Metric GET Test POST Test
-------------------------------------- --------- ---------
Active Clients 10 10
Throughput OK (req/sec) 287 90
Throughput KO (req/sec) 0 0
Response Time Min. (msec) 4 22
Response Time Mean (msec) 32 109
Container Count 1 1
Container CPU (% allocation) 99 37
Container Memory RSS (% allocation) 68 69
Container Network RX (KB/s) 297 279
Container Network TX (KB/s) 444 234
Logged Errors 0 0
Threads
Running ps on the EKS host we can find the process id of the java application to investigate. An alternative way of doing this using ctr can be found here.
$ ps -afe | grep java
185 4976 2966 0 Jan10 ? 00:47:41 java -Djava.util.logging.manager=org.jboss.logmanager.LogManager -jar -quarkus-run.jar
root 4165123 4164704 0 07:56 pts/0 00:00:00 grep --color=auto java
Using top we can see details about the threads the process is running and their CPU time. The -d flag can be used to set a delay between screen updates and the number of updates configured with -n. The -b flag can be used to output to a file for offline analysis.

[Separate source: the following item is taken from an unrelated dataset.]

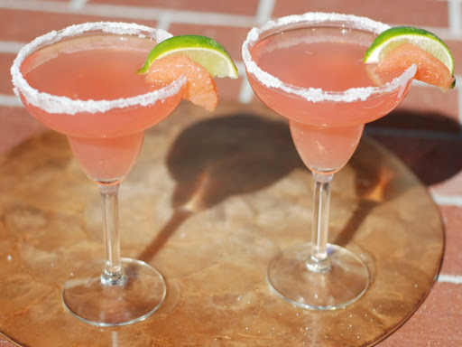 Combine the grapefruit juice, lime juice, orange liqueur, and ice in a blender and puree until smooth. Pour into a large pitcher and stir in the tequila. If youre not serving the margaritas in salted glasses, stir 1/4 teaspoon of salt into the pitcher of margaritas. Believe me, it will make a difference!

$ top -H -p 4976 -d 300 -n 3 -b > top-output.txt
The output below shows a 5 minute summary when the system was under maximum load during a GET test. %CPU shows the tasks share of CPU time since the last update. The java process is using almost all of the CPU allocation for the container (CPU limit is 500 millicores, 25% CPU) and the most active threads are executor-thread, VM Thread and vert.x-eventloop threads. The executor thread and event-loop threads are processing application requests and VM thread is most likely performing garbage collection. There are 11 executor threads running, approximately 1 per active client. NOTE: only threads with %CPU greater than 0 are listed.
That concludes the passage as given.